The tragic death of 13-year-old roadracer Peter Lenz at Indianapolis Motor Speedway this past August created national headlines. At the MotoGP post-race press conference, local reporters hammered second-place-finisher Ben Spies for answers. One newsman suggested that the Speedway was “too difficult for someone 12 or 13 years old to navigate.” Appearing on Fox News, “children’s-rights advocate” Wendy Murphy called for an investigation.
“Honestly, the questions I was asked earlier were a bit aggravating,” Spies said after the press conference. “I’ve been racing since I was eight years old. When I was 14, I lost my best friend—my teammate. There was about two days where I thought, ‘What am I doing? Should I be doing this?’ My mom told me, ‘If you want to quit right now, even being $70,000 in debt, we’ll find a way to survive.’ There isn’t a day that goes past that I regret doing it. When you’re racing motorcycles, you know what can happen. Obviously, what happened today is unfortunate. But it’s racing. It’s life. He knew exactly what he was doing.”
Kevin Schwantz has made a career working with promising young riders like Lenz since he retired 15 years ago. The 1993 500cc world champion has helped steer Spies both on and off the track. Blake Young, a two-time AMA Pro American SuperBike race-winner this season, is another beneficiary of Schwantz’s experience. So, too, are up-and-coming teens Cameron Beaubier and JD Beach. Both are graduates of the Schwantz-led Red Bull Rookies Cup program run in conjunction with European MotoGP rounds. There are countless others.

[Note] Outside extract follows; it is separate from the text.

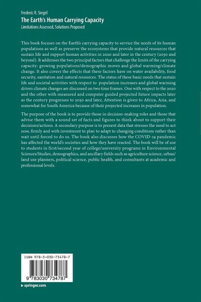 This book focuses on the Earth's carrying capacity to service the needs of its human populations as well as preserve the ecosystems that provide natural resources that sustain life and support human activities in 2020 and later in the century (2050 and beyond). It addresses the two principal factors that challenge the limits of the carrying capacity: growing populations/demographic moves and global warming/climate change. It also covers the effects that these factors have on water availability, food security, sanitation and natural resources. The status of these basic needs that sustain life and societal activities with respect to population increases and global warming driven climate changes are discussed on two time frames. One with respect to the 2020 and the other with measured and computer guided projected future impacts later as the century progresses to 2050 and later, Attention is given to Africa, Asia, and somewhat for South America because of their projected increases in population. The purpose of the book is to provide those in decision-making roles and those that advise them with a sound set of facts and figures to think about to support their decisions/actions. A secondary purpose is to present data that stresses the need to act now, firmly and with investment to plan to adapt to changing conditions rather than wait until forced to do so. The book also discusses how the COVID-19 pandemic has affected the world's societies and how they have reacted. The book will be of use to students in first/second year of college/university programs in Environmental Sciences/Studies, demographics, and ancillary fields such as agriculture science, urban/land use planners, political science, public health, and consultants at academic and professional levels.

Asked about all this, Schwantz replied, “Kids are going to race. Whether it’s Red Bull Rookies Cup or the USGPRU MD250H class, we’re doing everything we can to give them the safest equipment, from what they’re riding to what they’re wearing. Helmets, leathers, boots, gloves, back protectors—all the pieces of safety equipment that we wear—have changed a lot. Alpinestars, which makes the suits for Red Bull Rookies Cup, makes the kids wear a back and a chest protector.
“It’s when the kids don’t have series like Red Bull Rookies Cup or USGPRU, which take them to really good facilities, that they race at tracks with guardrails and concrete walls around the outside or telephone poles not far off the edge.
“Racing is inherently a dangerous sport. There are going to be injuries. Unfortunately, you can’t do anything to stop certain situations. We’ve got to be there for these kids. We’ve got to help them grow, to become, if they choose, better motorcycle racers, possibly the next Nicky Hayden or Valentino Rossi or Ben Spies.”